### Exercise material

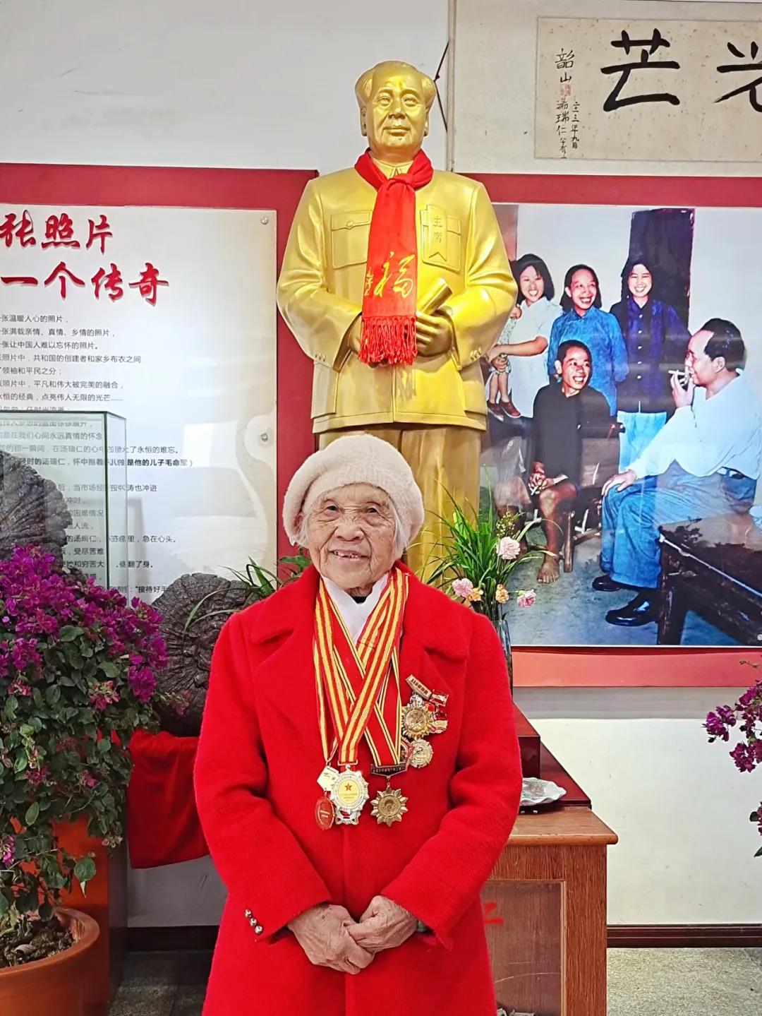 92歲的湯瑞仁奶奶是毛家飯店的創(chuàng)始人,今天起了個大早,精神狀態(tài)極好,胸口掛滿了各種獎章和獎牌,“我是毛主席的鄰居,不能給他丟人,要接待好主席的客人,讓大家吃得放心、安心、開心?!睖鹑世夏棠逃H切地招呼著每一位來吃福壽面的人們,“沒有毛主席就沒有新中國,更沒有今天的毛家飯店。傳承紅色基因,將偉人精神傳遞給后輩,不忘初心,牢記使命!”
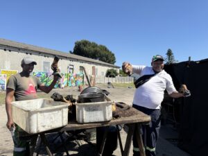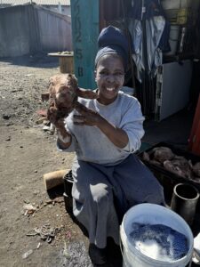 In the afternoon we went to a township, Langa was the one we went to, what a township is, is people from rural areas who come to the city to seek out a better life, they come with nothing so they start out in these townships, in homes made out of wood and metal siding, or half of a shipping container, they do what they can to survive and make some money for themselves. The people there were so welcoming, they were so happy and wanted to show us everything about their world. We met two men who had a business processing and cooking and selling cow legs and lambs legs. Then another place was cooking and selling sheep’s heads. We chatted with the locals and then squeezed in for a photo with 4 wonderful woman. Then after that one of the Germans was getting a photo and one of the ladies wanted to her to come over to her, but there was confusion and she didn’t go, the poor lady looked so upset and so I ran over and got a photo with her, she gave me the biggest hug and the smile was huge.
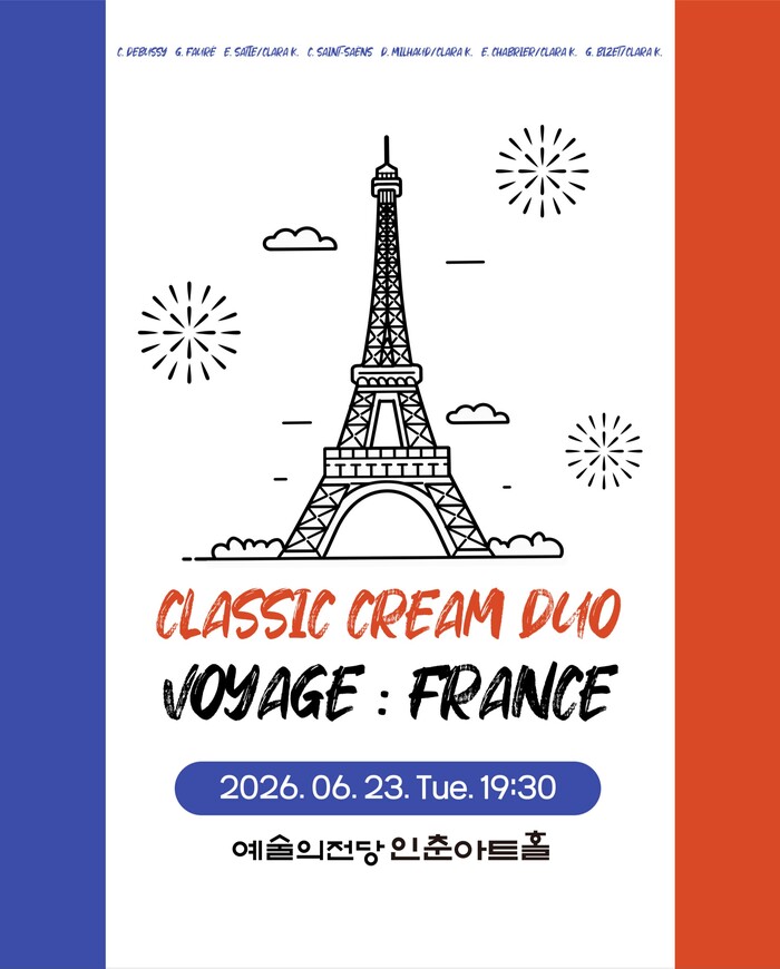 오는 6월 23일 오후 7시 30분 예술의전당 인춘아트홀에서 열리는 ‘클래식크림듀오 보야지 프랑스’는 한 대의 피아노와 네 손이 만들어내는 섬세하고 풍부한 하모니로, 청중을 프랑스의 풍경 속으로 이끄는 공연이다.
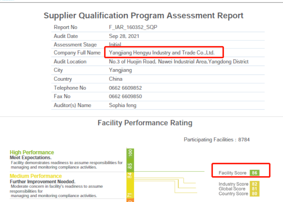 陽江市恒裕工貿(mào)2021年在創(chuàng)思維輔導(dǎo)下通過WCA/SQP驗廠,并取得WCA最高等級綠燈86分。
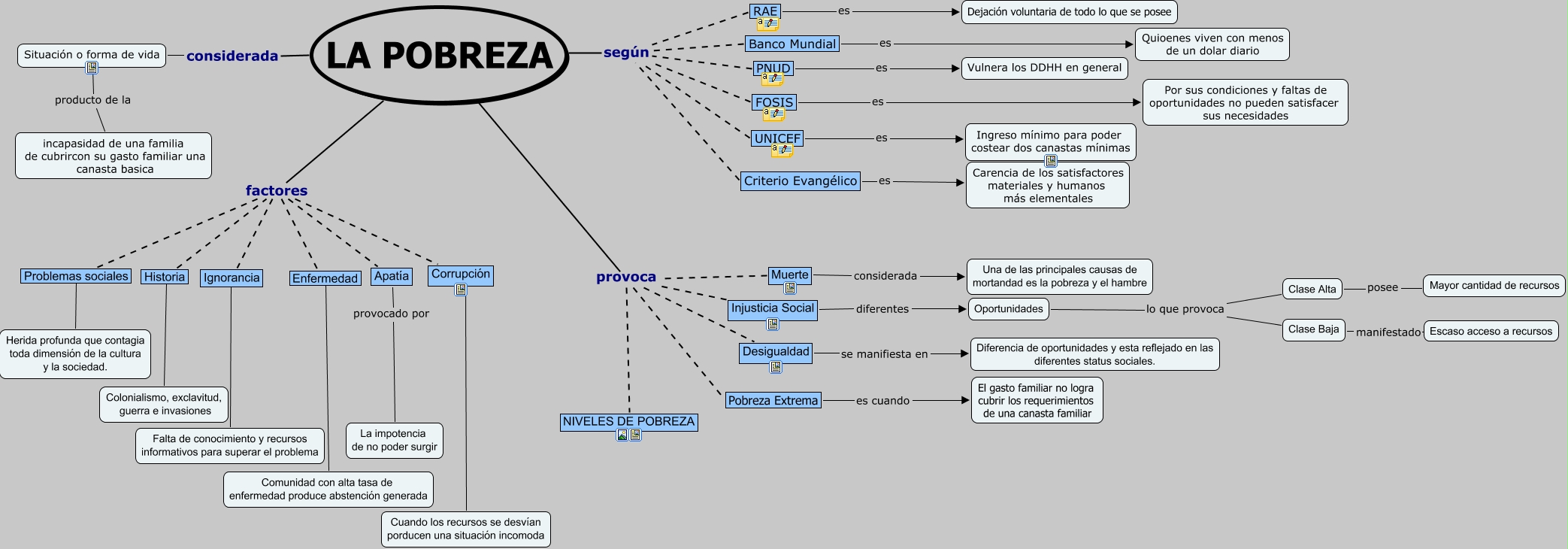 Este Cmap, tiene información relacionada con: LA POBREZA, Muerte provoca Desigualdad, Muerte provoca NIVELES DE POBREZA, LA POBREZA factores Enfermedad, Injusticia Social provoca Desigualdad, Problemas sociales factores Corrupción, LA POBREZA provoca Pobreza Extrema, Problemas sociales factores Ignorancia, LA POBREZA provoca NIVELES DE POBREZA, Injusticia Social diferentes Oportunidades, UNICEF es Ingreso mínimo para poder costear dos canastas mínimas, Enfermedad ???? Comunidad con alta tasa de enfermedad produce abstención generada, LA POBREZA factores Apatía, Ignorancia ???? Falta de conocimiento y recursos informativos para superar el problema, Historia factores Enfermedad, Muerte provoca Pobreza Extrema, Banco Mundial es Quioenes viven con menos de un dolar diario, LA POBREZA factores Corrupción, Historia ???? Colonialismo, exclavitud, guerra e invasiones, Historia factores Apatía, Criterio Evangélico es Carencia de los satisfactores materiales y humanos más elementales
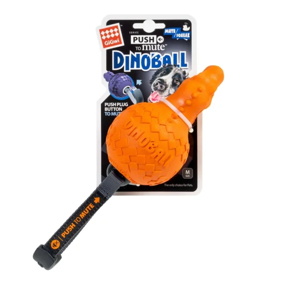 Іграшка для собак "Дінобол Т-рекс" зроблена з високоякісної гуми у вигляді динозавра. Призначена для середніх та великих порід собак. При натисканні видає звук. Можна вмикати та вимикати звук залежно від ситуації. Щоб вимкнути звук – необхідно вставити пальцем всередину іграшки, щоб увімкнути – потягти за ремінець. Іграшка підходить для активної гри.
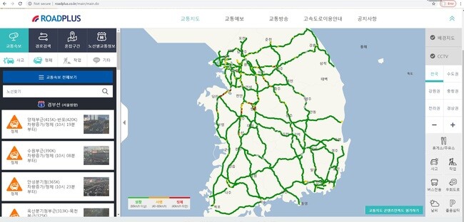낮 12시30분 현재 경부고속도로 서울 방향은 청주분기점 부근 목천 부근과 기흥 부근∼수원 구간 등 53㎞ 구간에서 차들이 밀리고 있다.
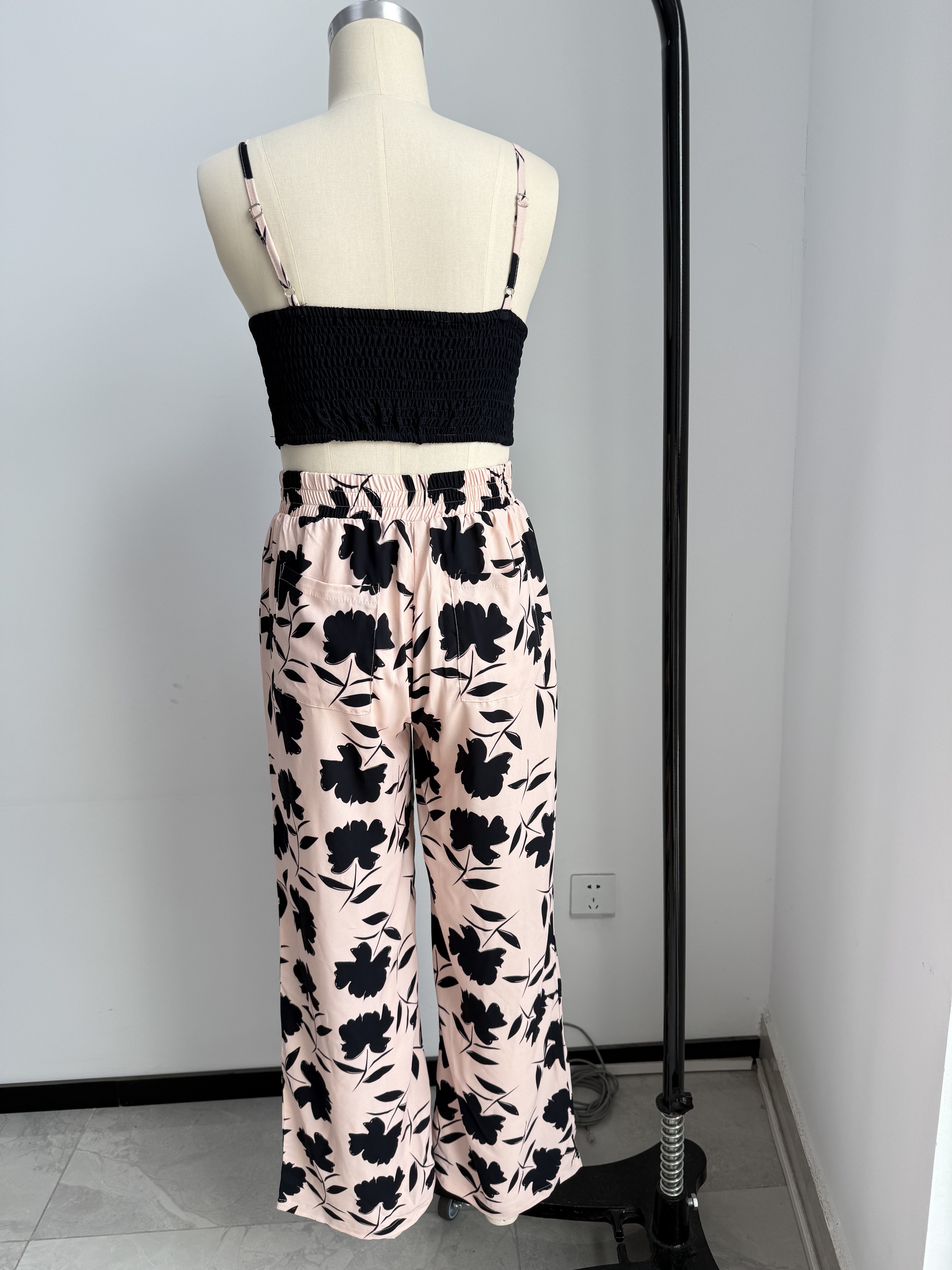 【Accessory Structure】Casual Two-piece Set;V-neck Shirred Crop Cami Top & Tie Waist Pants Outfits;Women's Clothing.
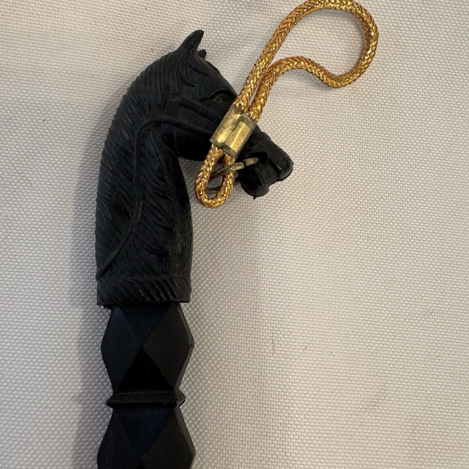Vintage Garment Brush Carved Black Horse Head Handle Gold Loop Equestrian Japan
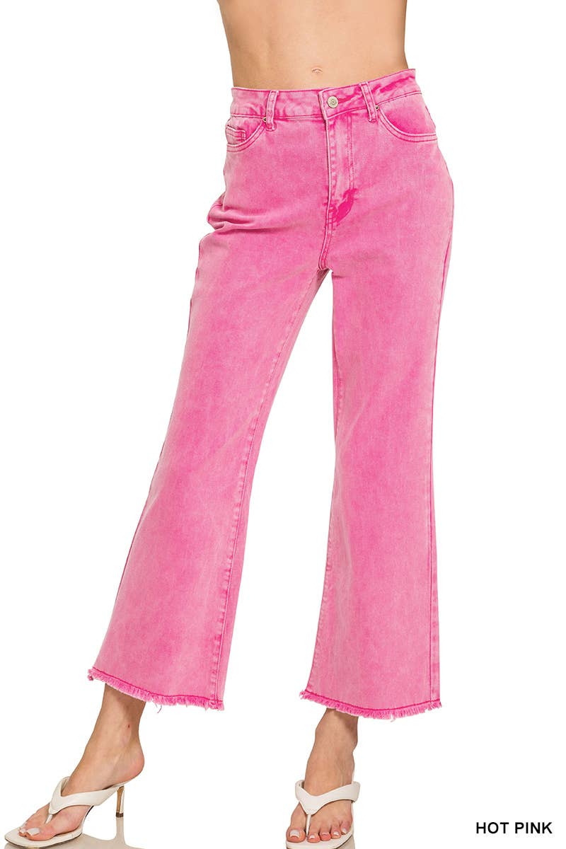 Acid Washed High Waist Frayed Hem Bootcut Pants
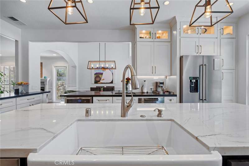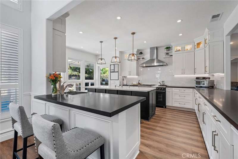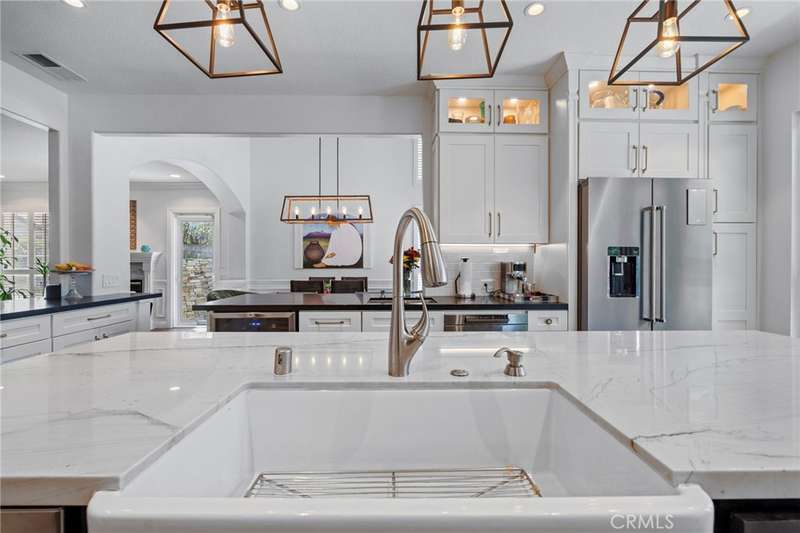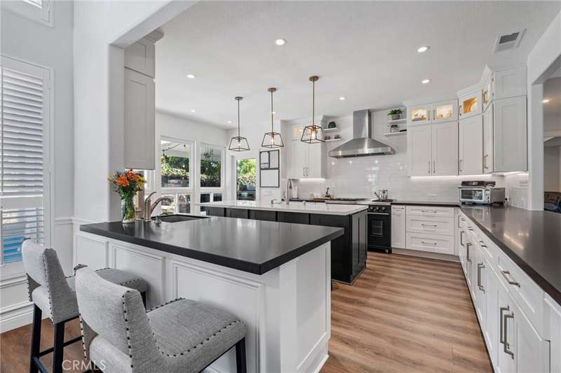 Tucked away in a quiet enclave of the prestigious guard-gated Dove Canyon community, this exceptional multi-generational residence offers unmatched versatility, luxury, and comfort. Beautifully remodeled, the home features a spacious, flexible layout highlighted by a ground-floor in-law suite (added in 2021) with its own living room and cozy fireplace, sliding French doors to the backyard oasis, a large bedroom with dual closets, a full ensuite with tub and shower, laundry closet, and a convenient kitchenette.
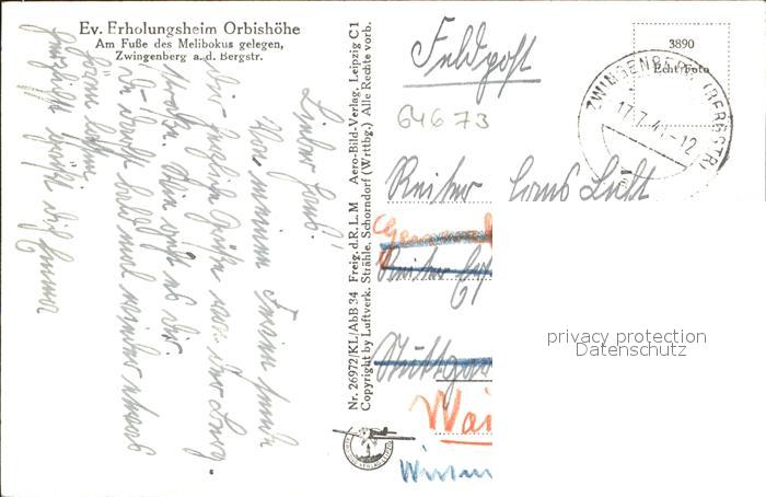 72097992 alte Postkarte Zwingenberg Bergstrasse Fliegeraufnahme postalisch gelaufen Feldpost Erhaltung siehe scans KatCode: 11110006431022
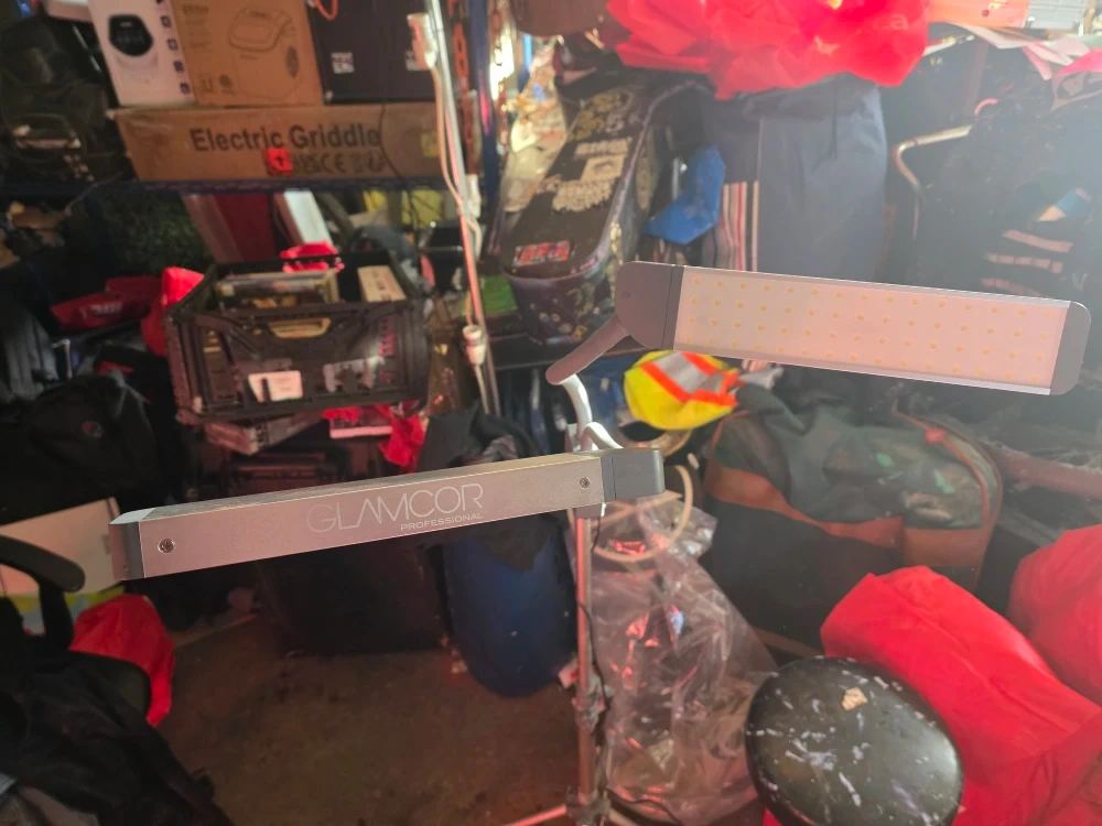 This is a Glamcor Professional LED light. It's a portable lighting solution. It has adjustable brightness and a flexible neck.
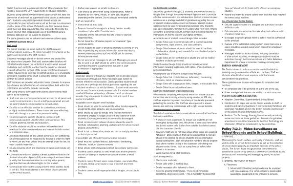 • Distribution : On paper and via the District website to staff ; to students and parents / guardians in the Elementary Handbook and Secondary Handbook and on the district website ; electronically on the district Internet Information Server .
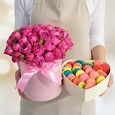 Корзина кустовых роз и тюльпанов
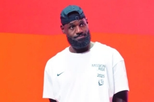 在活動臨近結(jié)束時,一位激動的男球迷沖上舞臺試圖接近詹姆斯,被主持人和安保阻攔。期間,詹姆斯顯得十分淡定,沒有任何反應(yīng)。在該沖動球迷被帶下舞臺后,詹姆斯無奈地?fù)u頭笑了笑。
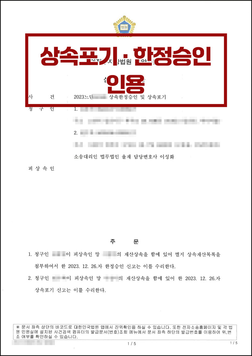 [상속 한정승인·상속포기 심판 청구] 배우자와 모친 한정승인 및 상속포기 인정 사례

######

● **Assignment**:
Each word of the data should be repeated exactly, and the pictures left out.

● **Solved problem**:
 92歲的湯瑞仁奶奶是毛家飯店的創(chuàng)始人,今天起了個大早,精神狀態(tài)極好,胸口掛滿了各種獎章和獎牌,“我是毛主席的鄰居,不能給他丟人,要接待好主席的客人,讓大家吃得放心、安心、開心?!睖鹑世夏棠逃H切地招呼著每一位來吃福壽面的人們,“沒有毛主席就沒有新中國,更沒有今天的毛家飯店。傳承紅色基因,將偉人精神傳遞給后輩,不忘初心,牢記使命!”
 In the afternoon we went to a township, Langa was the one we went to, what a township is, is people from rural areas who come to the city to seek out a better life, they come with nothing so they start out in these townships, in homes made out of wood and metal siding, or half of a shipping container, they do what they can to survive and make some money for themselves. The people there were so welcoming, they were so happy and wanted to show us everything about their world. We met two men who had a business processing and cooking and selling cow legs and lambs legs. Then another place was cooking and selling sheep’s heads. We chatted with the locals and then squeezed in for a photo with 4 wonderful woman. Then after that one of the Germans was getting a photo and one of the ladies wanted to her to come over to her, but there was confusion and she didn’t go, the poor lady looked so upset and so I ran over and got a photo with her, she gave me the biggest hug and the smile was huge.
 오는 6월 23일 오후 7시 30분 예술의전당 인춘아트홀에서 열리는 ‘클래식크림듀오 보야지 프랑스’는 한 대의 피아노와 네 손이 만들어내는 섬세하고 풍부한 하모니로, 청중을 프랑스의 풍경 속으로 이끄는 공연이다.
 陽江市恒裕工貿(mào)2021年在創(chuàng)思維輔導(dǎo)下通過WCA/SQP驗廠,并取得WCA最高等級綠燈86分。
 Este Cmap, tiene información relacionada con: LA POBREZA, Muerte provoca Desigualdad, Muerte provoca NIVELES DE POBREZA, LA POBREZA factores Enfermedad, Injusticia Social provoca Desigualdad, Problemas sociales factores Corrupción, LA POBREZA provoca Pobreza Extrema, Problemas sociales factores Ignorancia, LA POBREZA provoca NIVELES DE POBREZA, Injusticia Social diferentes Oportunidades, UNICEF es Ingreso mínimo para poder costear dos canastas mínimas, Enfermedad ???? Comunidad con alta tasa de enfermedad produce abstención generada, LA POBREZA factores Apatía, Ignorancia ???? Falta de conocimiento y recursos informativos para superar el problema, Historia factores Enfermedad, Muerte provoca Pobreza Extrema, Banco Mundial es Quioenes viven con menos de un dolar diario, LA POBREZA factores Corrupción, Historia ???? Colonialismo, exclavitud, guerra e invasiones, Historia factores Apatía, Criterio Evangélico es Carencia de los satisfactores materiales y humanos más elementales
 Іграшка для собак "Дінобол Т-рекс" зроблена з високоякісної гуми у вигляді динозавра. Призначена для середніх та великих порід собак. При натисканні видає звук. Можна вмикати та вимикати звук залежно від ситуації. Щоб вимкнути звук – необхідно вставити пальцем всередину іграшки, щоб увімкнути – потягти за ремінець. Іграшка підходить для активної гри.
낮 12시30분 현재 경부고속도로 서울 방향은 청주분기점 부근 목천 부근과 기흥 부근∼수원 구간 등 53㎞ 구간에서 차들이 밀리고 있다.
 【Accessory Structure】Casual Two-piece Set;V-neck Shirred Crop Cami Top & Tie Waist Pants Outfits;Women's Clothing.
Vintage Garment Brush Carved Black Horse Head Handle Gold Loop Equestrian Japan
 Acid Washed High Waist Frayed Hem Bootcut Pants
 Tucked away in a quiet enclave of the prestigious guard-gated Dove Canyon community, this exceptional multi-generational residence offers unmatched versatility, luxury, and comfort. Beautifully remodeled, the home features a spacious, flexible layout highlighted by a ground-floor in-law suite (added in 2021) with its own living room and cozy fireplace, sliding French doors to the backyard oasis, a large bedroom with dual closets, a full ensuite with tub and shower, laundry closet, and a convenient kitchenette.
 72097992 alte Postkarte Zwingenberg Bergstrasse Fliegeraufnahme postalisch gelaufen Feldpost Erhaltung siehe scans KatCode: 11110006431022
 This is a Glamcor Professional LED light. It's a portable lighting solution. It has adjustable brightness and a flexible neck.
 • Distribution : On paper and via the District website to staff ; to students and parents / guardians in the Elementary Handbook and Secondary Handbook and on the district website ; electronically on the district Internet Information Server .
 Корзина кустовых роз и тюльпанов
 在活動臨近結(jié)束時,一位激動的男球迷沖上舞臺試圖接近詹姆斯,被主持人和安保阻攔。期間,詹姆斯顯得十分淡定,沒有任何反應(yīng)。在該沖動球迷被帶下舞臺后,詹姆斯無奈地?fù)u頭笑了笑。
 [상속 한정승인·상속포기 심판 청구] 배우자와 모친 한정승인 및 상속포기 인정 사례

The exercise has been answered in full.